During tofacitinib treatment, the least-squares mean levels of hemoglobin and serum albumin showed a significantly monotonous increase over time (p_trend < 0.001; Figure 3(a) and (b), respectively). For log-transformed serum CRP, the least-squares mean levels showed a significantly monotonous decrease during treatment (p_trend < 0.001; Figure 3(c)).

Figure 3.

Changes in laboratory values during tofacitinib treatment. (a) Hemoglobin levels, (b) Serum albumin levels, and (c) Log-transformed serum CRP levels expressed as least-squares means ± standard error of the means.

Factors associated with clinical outcomes

In the multivariable analysis, a higher UCEIS at baseline was negatively associated with clinical remission [adjusted odds ratio (aOR): 0.733, p = 0.010], clinical response (aOR: 0.769, p = 0.044), and corticosteroid-free clinical remission (aOR: 0.742, p = 0.013) at week 16 (Supplemental Tables 1–3). No factors were independently associated with clinical remission or corticosteroid-free clinical remission at week 52. However, a higher UCEIS at baseline was negatively associated with clinical response (aOR: 0.774, p = 0.029] (Table 2) and corticosteroid-free clinical response (aOR 0.782, p = 0.035) (Table 3) at week 52.

Table 2.

Univariable and multivariable analyses of associated factors for clinical response at week 52.

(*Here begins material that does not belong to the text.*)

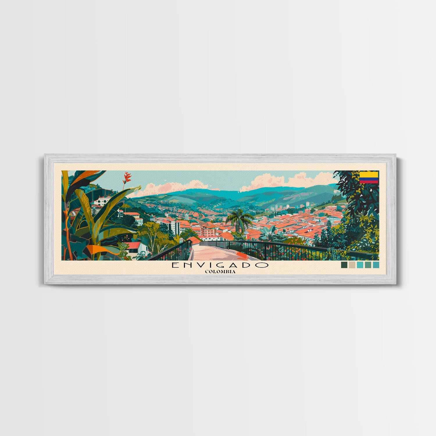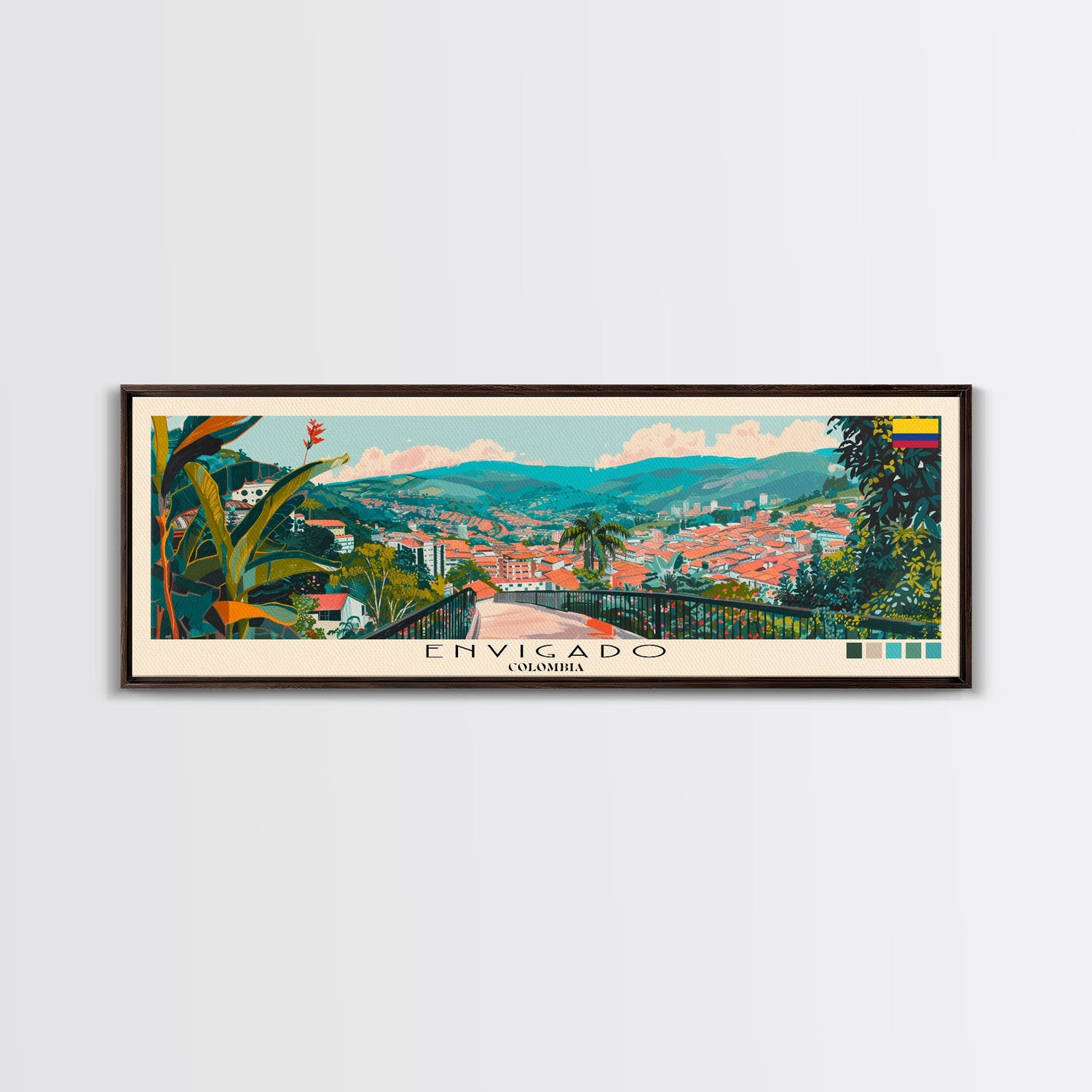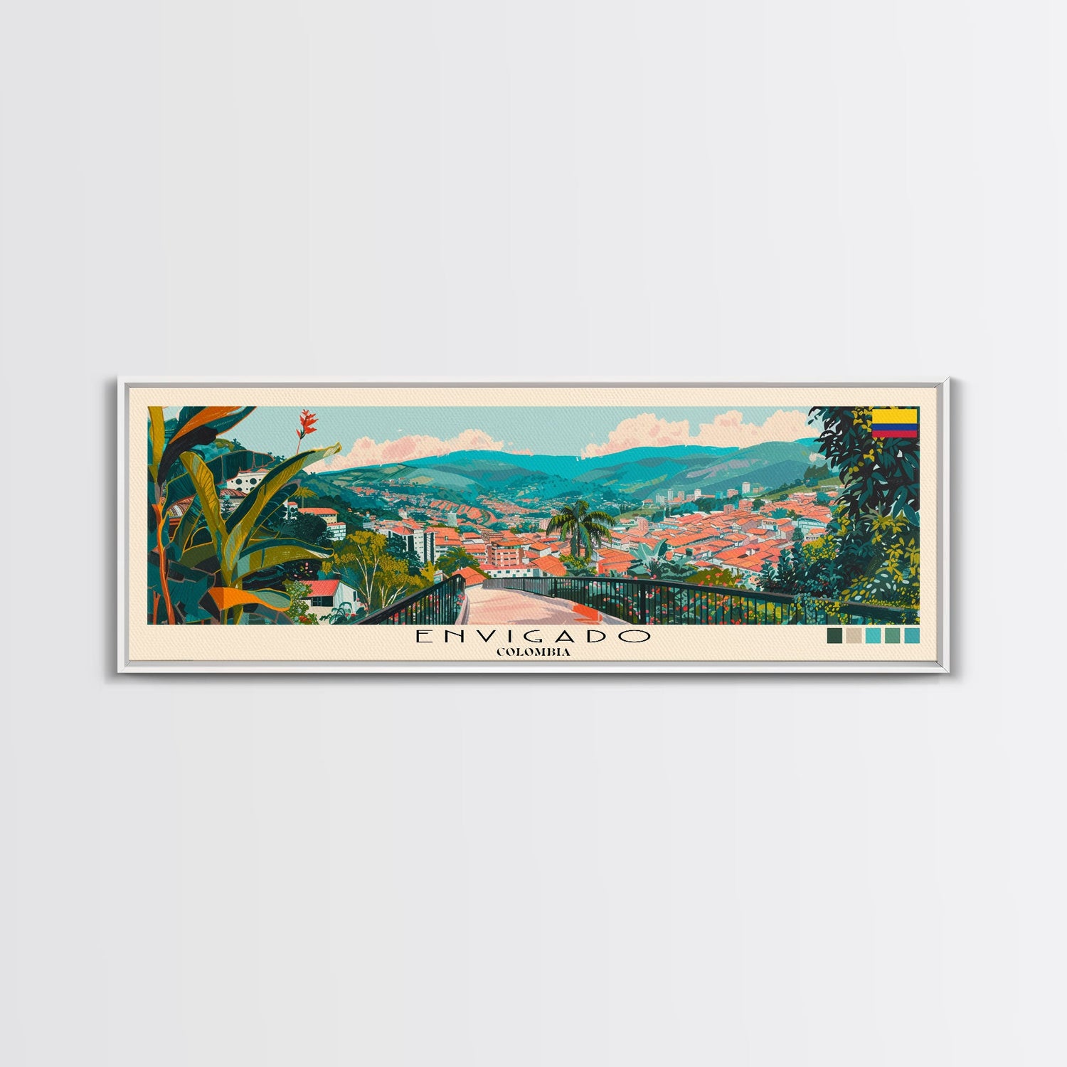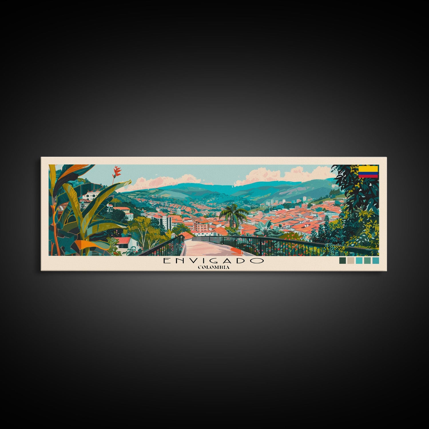Envigado, Colombia Panoramic Canvas Print, Envigado, Colombia Painting, Colombia Art, Envigado Travel Poster, Travel Art, Guest Room Painting
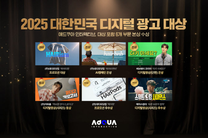 이외에도 떨어진 머리카락을 청소하는 탈모인에 대한 위로와 응원의 메시지를 전하며 커뮤니티 활성화에 기여한 ▲대다모닷컴의 ‘헤어팟(HairPods)’ 캠페인이 프로모션 부문 우수상을 차지하는 등 애드쿠아는 총 6관왕에 오르게 됐다. 이로써 애드쿠아는 다양한 산업군을 아우르는 캠페인 성공을 통해 소비자 통찰력과 통합 마케팅 역량을 다시 한번 확인시켰으며, 특히 지난해에 이어 올해 역시 AI 기반 캠페인이 수상작에 포함되면서 독보적인 AI 크리에이티브 역량도 지속적으로 증명하고 있다.

	Univariable analysis			Multivariable analysis
	OR	95% CI	p Value	OR	95% CI	p Value
Age (per year)	1.001	0.979–1.023	0.944
Sex (female)	0.935	0.465–1.880	0.851
Smoking
Never	Reference
Past	0.720	0.294–1.765	0.473
Current	0.696	0.234–2.071	0.515
p-ANCA	1.562	0.710–3.441	0.268
Previous appendectomy	2.049	0.208–20.202	0.539
Disease duration (per year)	1.023	0.967–1.082	0.426
Previous use of biologic agents	0.991	0.491–2.001	0.980
Concurrent use of systemic corticosteroids	0.674	0.330–1.380	0.281
Previous use of azathioprine	1.846	0.854–3.991	0.119
Disease extent (by Montreal classification)
Proctitis (E1)	Reference
Left-sided colitis (E2)	0.508	0.091–2.831	0.439
Extensive colitis (E3)	0.648	0.118–3.562	0.618
Mayo score at baseline (per 1 point)	0.953	0.769–1.182	0.662
Partial Mayo score at baseline (per 1 point)	0.992	0.779–1.264	0.951
MES at baseline (per point)	0.687	0.359–1.315	0.257
UCEIS at baseline (per point)	0.774	0.615–0.974	0.029	0.774	0.615–0.974	0.029
Hemoglobin at baseline (per g/dL)	1.169	0.978–1.398	0.086
Serum albumin at baseline (per g/dL)	1.201	0.672–2.146	0.537
Log-transformed serum CRP at baseline [per log(g/dL)]	0.938	0.557–1.579	0.808

CI, confidence interval; CRP, C-reactive protein; OR, odds ratio; MES, Mayo endoscopic subscore; p-ANCA, perinuclear anti-neutrophil cytoplasmic antibody; UCEIS, ulcerative colitis endoscopic index of severity.

Table 3.

Univariable and multivariable analyses of associated factors for corticosteroid-free clinical response at week 52.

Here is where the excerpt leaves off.